Mol Metab 2021 May 6:101247. Epub 2021 May 6.

Department of Molecular Biosciences, The Wenner-Gren Institute, Stockholm University, SE-106 91, Stockholm, Sweden. Electronic address:

Objective: The potential of brown adipose tissue (BAT) to influence energy homeostasis in animals and humans is encouraging since the tissue can increase fatty acid and glucose utilization to produce heat through uncoupling protein 1 (UCP1) but the actual mechanism how the cell regulates glucose uptake is not fully understood.

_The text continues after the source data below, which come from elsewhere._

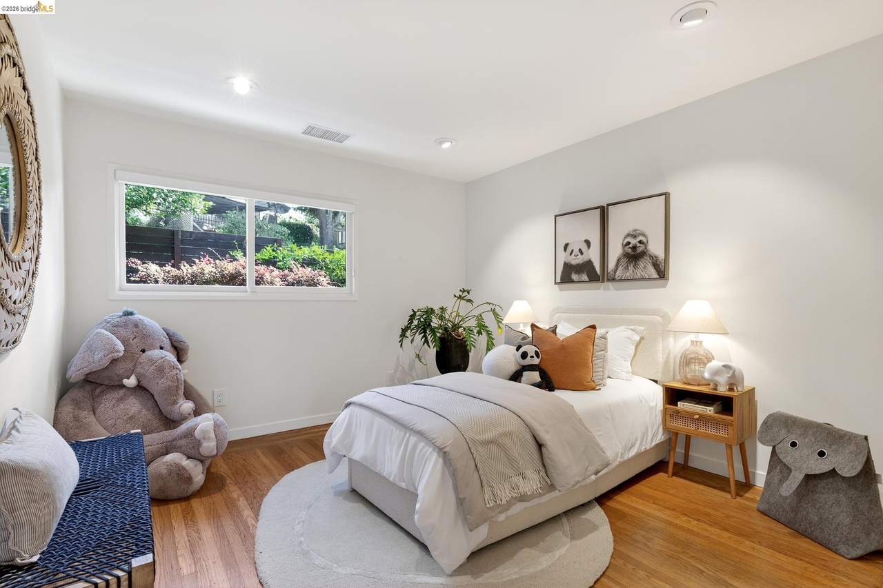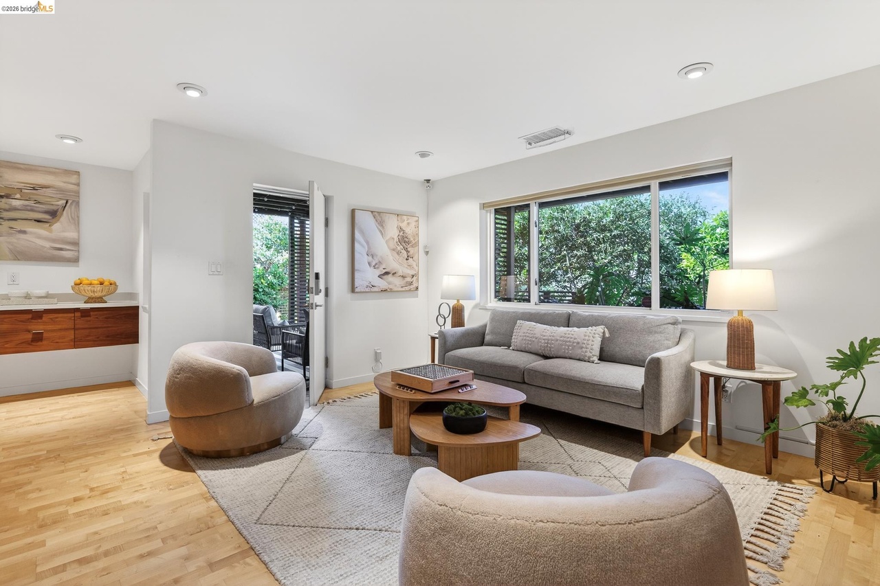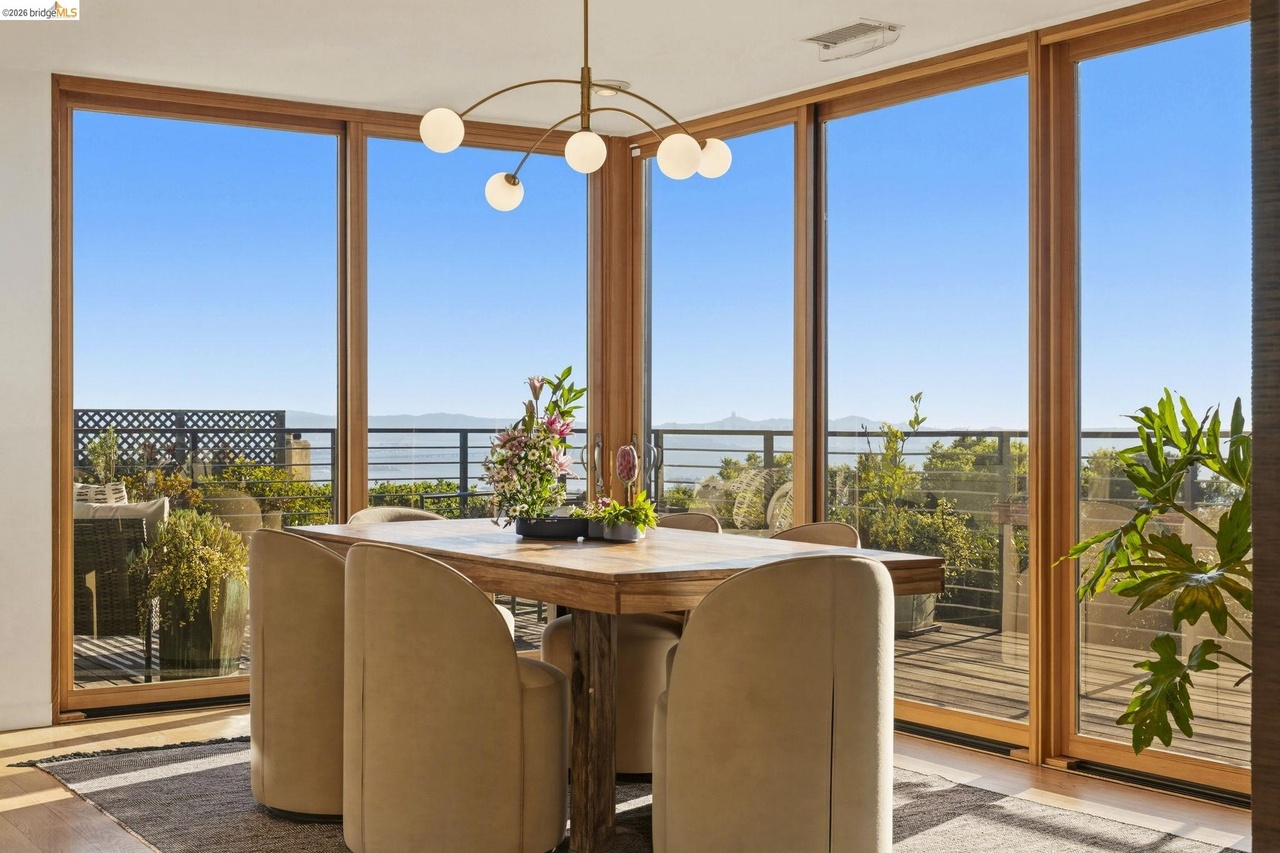 470 Spruce Street is a stylish 1955 Mid-Century Modern home built on strong architectural principles evolved for today’s lifestyle needs with panoramic views. The uninterrupted living mural of the Bay Bridge, Golden Gate bridge, San Francisco city skyline and shimmering waters of the bay immediately draw you into this sanctuary of light. At 2,833 square feet across two levels, with level-in entry and a primary suite on the main floor, the scale and accessibility here are genuinely uncommon in the Berkeley Hills.
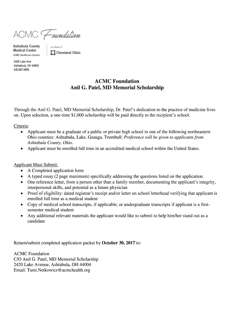 2420 Lake Ave Shaula, OH 44004 440.997.6605ACMC Foundation Anil G. Patel, MD Memorial ScholarshipThrough the Anil G. Patel, MD Memorial Scholarship, Dr. Panels dedication to the practice of medicine
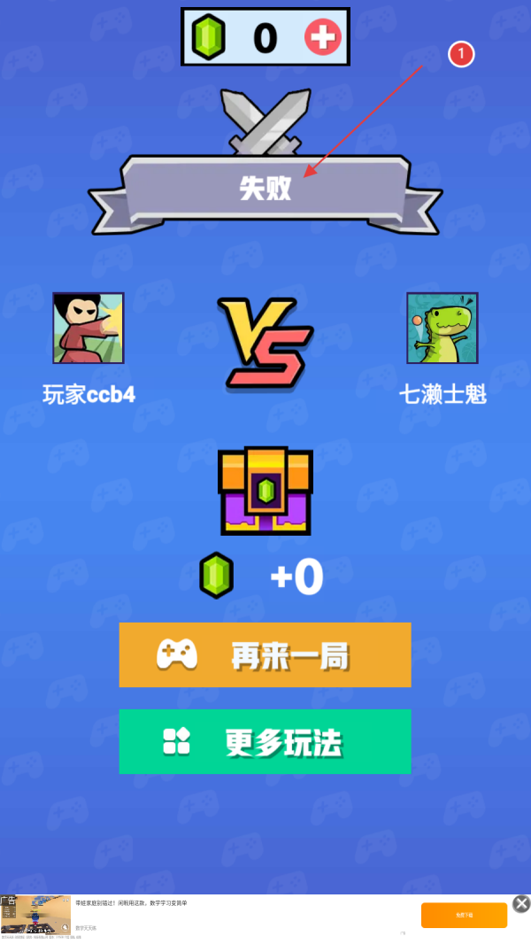 4、若在对战过程中,对手的棋形逐渐占据优势,虽尽力在棋盘不同位置放置圆形符号试图扭转,但最终仍出现失败结算界面,此时可点击“再来一局”重新开始对战。
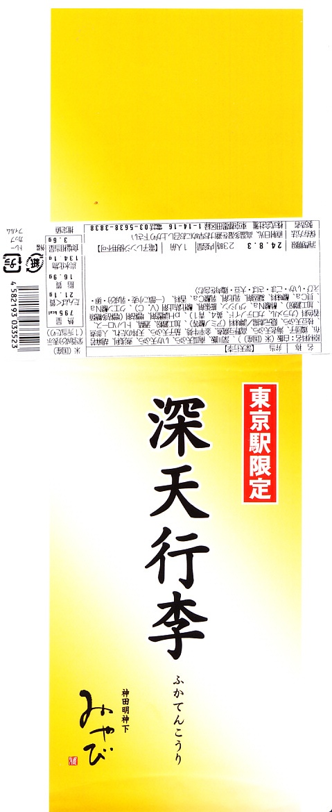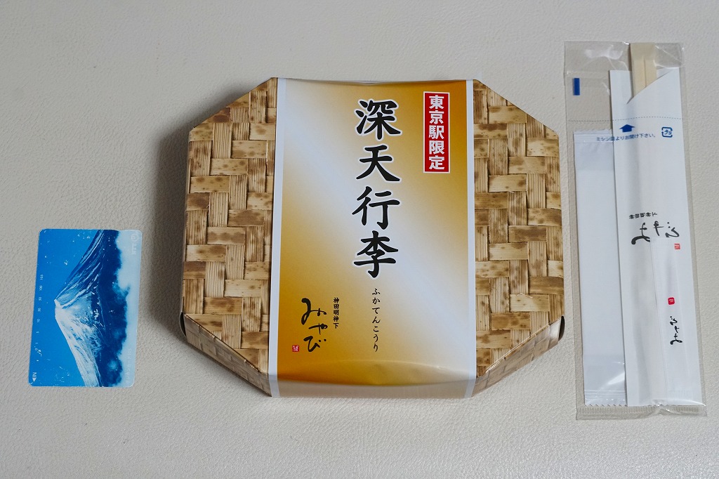 ここでは東京駅の地下食品売り場で期間限定の出店を繰り返す「神田明神下みやび」のブランドで、東京駅限定を名乗り売られるお弁当。この名前と内容の弁当は、2019(令和元)年までに発売し、同年6月以降に東京駅でも断続的に販売か。同社の「The東京幕の内」などのお弁当は、普段からキヨスク系の店舗「膳まい」のち「HANAGATAYA」で買える。

Myosin 1c (Myo1c) is an unconventional motor protein involved in several cellular processes, including insulin-mediated glucose uptake via GLUT4 vesicle fusion in white adipocytes but its role in glucose uptake in BAT has previously not been investigated.

Methods: Using the specific inhibitor pentachloropseudilin (PCIP), a neutralizing antibody assay and siRNA, we examined the role of Myo1c in mechanisms leading to glucose uptake both in vitro in isolated mouse primary adipocytes and in vivo in mice.

Results: Our results show that inhibition of Myo1c removes insulin-stimulated glucose uptake in white adipocytes, while inducing glucose uptake in brown adipocytes, independently of GLUT4, by increasing expression, translation and translocation of GLUT1 to the plasma membrane. Inhibition of Myo1c leads to activation PKA and downstream substrates p38 and ATF-2, known to be involved in expression of β-adrenergic genes.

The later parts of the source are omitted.